Can you please give me another hint on how to prove that det(In-P) = det(In) - det(P) ... I am really struggling and I don't know where to go from here. If I find det (P^T(ln-P) = P^T-PP^T ... then this just equals P^T - In? I am so stuck
 
Can you please give me another hint on how to prove that det(In-P) = det(In) - det(P) ... I am really struggling and I don't know where to go from here. If I find det (P^T(ln-P) = P^T-PP^T ... then this just equals P^T - In? I am so stuck
[imath]\det (I-P) = \det (P^T(I-P)) = \det(P^T-I) = \det((P-I)^T) = \det (P-I) = -\det (I-P)[/imath]. Note that only for odd dimensions we can claim that [imath]\det(-M) = -\det(M)[/imath].
 
[imath]\det (I-P) = \det (P^T(I-P)) = \det(P^T-I) = \det((P-I)^T) = \det (P-I) = -\det (I-P)[/imath]. Note that only for odd dimensions we can claim that [imath]\det(-M) = -\det(M)[/imath].
I'm still unsure how to split the - det (In-P) into det(In) - det(P) .. because how can I find det (In-P) without splitting them up ?? for my proof and to prove that det (In-P) = 0 I think I must have to prove that det (In-P)= det (In) - det(P) but I just can't figure out how to prove this... I'm sorry for so many questions.
 
You cannot split them in general case, not even when [imath]\det(P) = 1[/imath]. Your matrix ``splits'' only because it is orthonal [imath]P[/imath] and the result is 0, as has been proven. Here is an example of a 3x3 matrix which "does not split":
[math]P = \left( \begin{array}{rrr} 0 & 1 & 1 \\ 0 & 0 & 1 \\ 1 & 0 & 0 \end{array}\right)[/math]for which
[math]\det(P) = 1[/math][math]\det(I_3-P) = -1[/math]
 
You are missing the whole point which we have been trying to tell you.

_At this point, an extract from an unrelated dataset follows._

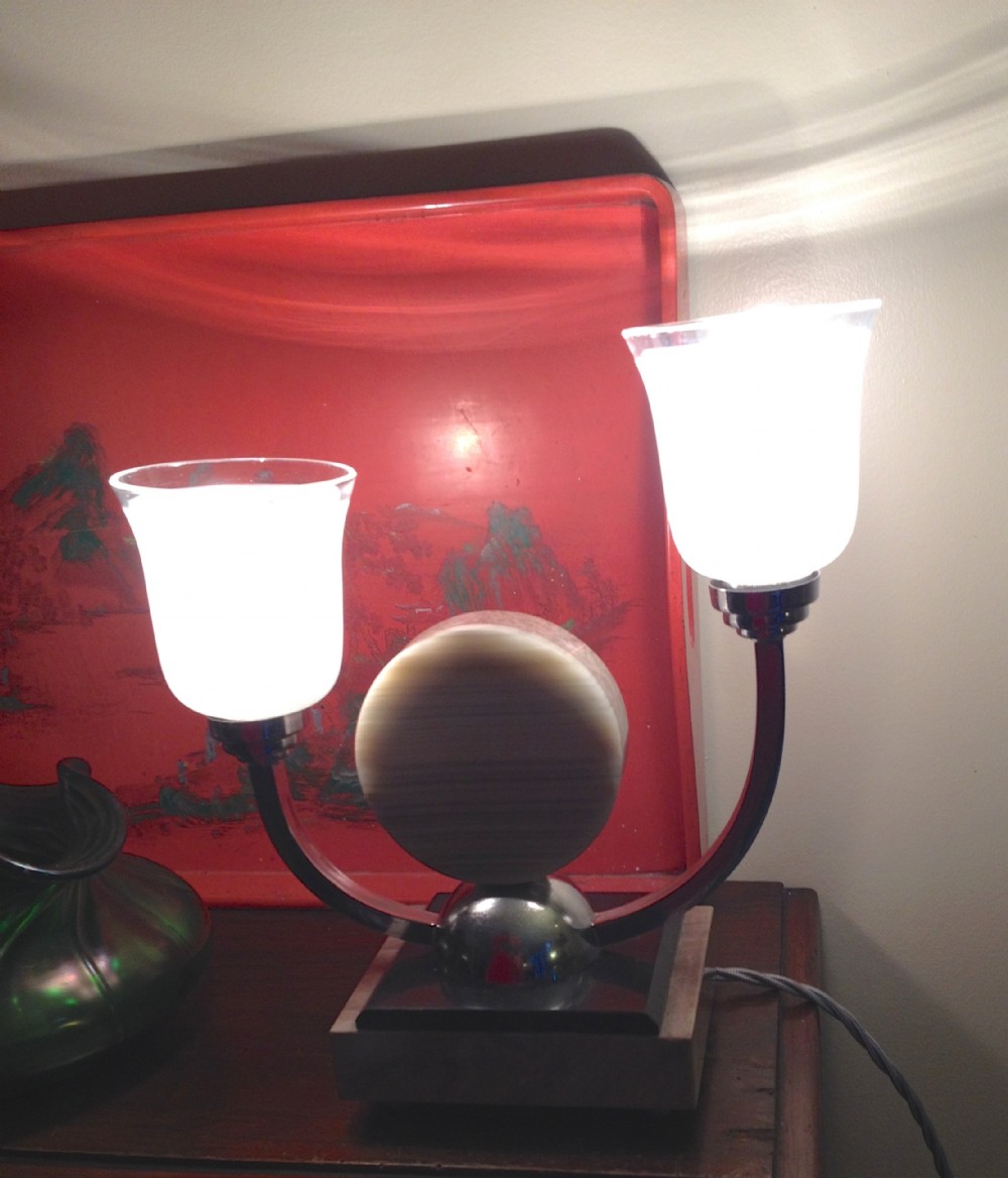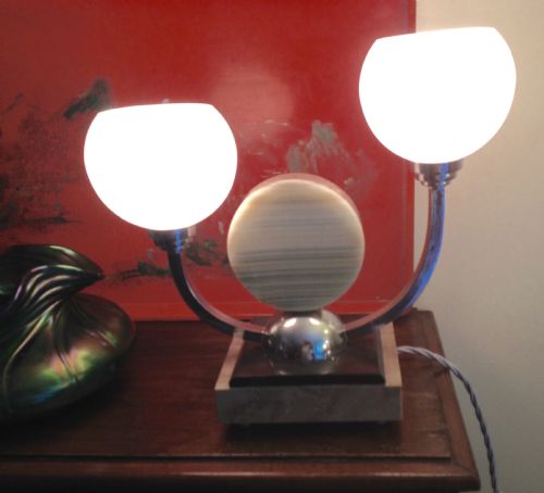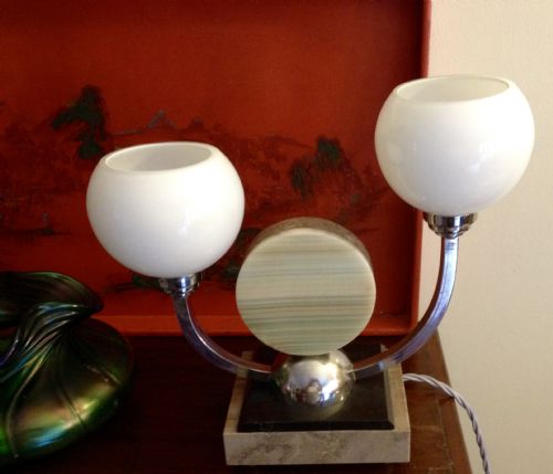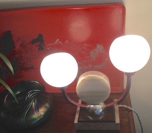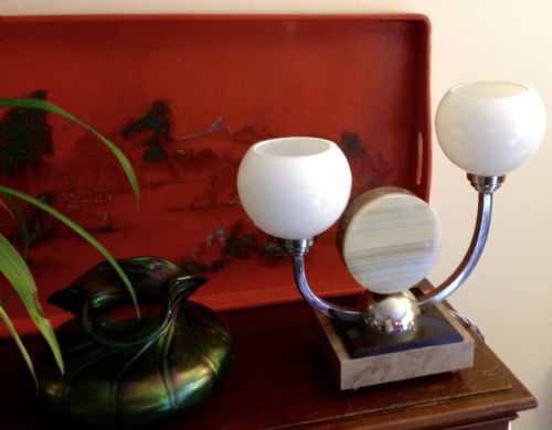 Englische Art Deco Tischlampe Chrom Marmor antik ca 1930

det(I−P)=det(P-I) which blamocur showed you the proof of.
Now note that det(P-I) = det(-(I-P)) = -det(I-P) since P-I is an odd square matrix.

Now you need to put these two facts together. I will even tell you the exact two facts.
det(I−P)=det(P-I) and det(P-I) =-det(I-P).
Just using the two equations in bold you should be able to make some conclusion. (Hint: the conclusion is what you want to show!)
Further hint: If a=b and b=c, then a=c, where a,b and c are real numbers.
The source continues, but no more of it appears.